We ate Michele’s Banana Pudding for dessert.
It’s the best banana pudding I’ve ever eaten and it takes like 4 minutes to make.
12 oz. cool whip (no measuring necessary, you can just buy a 12 oz. container, yet another reason why we should eat this stuff more)
1 can Eagle Brand Milk, chilled
1 large box of instant vanilla pudding
2 ½ cups milk
Mix cool whip, Eagle Brand Milk, Vanilla Pudding and Milk together. I always have to stick the Eagle Brand Milk in the refrigerator and pull out the cool whip from the freezer. Then, I dump the cool whip out in a bowl and let it thaw out while the Eagle Brand milk is chilling.

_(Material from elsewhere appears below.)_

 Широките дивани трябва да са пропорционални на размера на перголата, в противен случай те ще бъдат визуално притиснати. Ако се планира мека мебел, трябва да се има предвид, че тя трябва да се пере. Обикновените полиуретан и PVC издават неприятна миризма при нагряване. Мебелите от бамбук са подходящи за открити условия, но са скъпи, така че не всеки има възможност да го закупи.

This dynamic makes me think long, complex thoughts about life. Making banana pudding is a spiritual experience for me. After I’ve finished thinking about seasons in life, I then add the bananas and stir some more. Then, I take vanilla wafers and lay them out on the bottom of a deep square casserole pan. Then, I pour half the pudding mix inside, add another layer of vanilla wafers on top AND around the sides of the pan, then dump in the remaining pudding. Then, since there are a few Vanilla Wafers left in the box, I take them out and let the kids smash them to bits and bits. Then, we pour them on top of the pudding. They look cool. Refrigerate for at least an hour before serving.

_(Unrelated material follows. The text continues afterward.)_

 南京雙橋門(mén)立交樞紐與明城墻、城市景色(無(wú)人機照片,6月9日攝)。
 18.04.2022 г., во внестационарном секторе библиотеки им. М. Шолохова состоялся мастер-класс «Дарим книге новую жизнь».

Tonight, I made Jenn’s Cranberry Chicken.
1 can of whole cranberry sauce (not jellied)
2 T soy sauce
1 ½ T lemon juice
1/2 cup butter
salt and pepper
Salt and pepper 4-6 Chicken breasts. I didn’t have boneless chicken breasts, so I boiled some bone-in chicken breast. Then, I pulled the meat off, salt and peppered it and put it in the casserole dish. In a saucepan combine can of cranberry stuff, soy sauce, lemon juice and ½ stick of butter. Bring to a boil, then pour over chicken. Bake at 375 for 20 minutes on one side, then flip chicken over and cook 20 minutes on the other side. Since I couldn’t flip chicken chunks, I just stirred them. Serve all this over rice.

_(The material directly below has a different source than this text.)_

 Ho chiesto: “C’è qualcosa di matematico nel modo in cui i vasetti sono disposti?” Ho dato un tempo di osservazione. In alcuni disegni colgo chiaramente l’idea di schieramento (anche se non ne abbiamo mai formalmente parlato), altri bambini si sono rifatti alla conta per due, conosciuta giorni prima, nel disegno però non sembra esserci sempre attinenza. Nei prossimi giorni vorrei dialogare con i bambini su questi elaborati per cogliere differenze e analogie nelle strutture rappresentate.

This was super yum, but next time, I will double the liquid part of the recipe. The juicy stuff is so good. My kids would have eaten that goo over rice all by itself. Also, if you’re a vegetarian, I think this would be good substituting the meat for vegetables. The sauce is so delicious. Hayden kept saying, “I love this stuff, mom.” Aaron said, “This is weird, but it’s really good. I wish there were a way to make the rice taste more like the sauce.” This just means, I need more sauce next time. He wanted the rice smothered in the liquidy yum.
So, I’ve tried the cookbook thing. I’m still not a big fan, but it’s been fun to try some of the favorite foods from some of the sweetest people I know.
Now I need to go to the gym and work off some of this yum. Oh...and speaking of yummy, and belly dancing...and the gym...when are we going to take belly dancing ladies?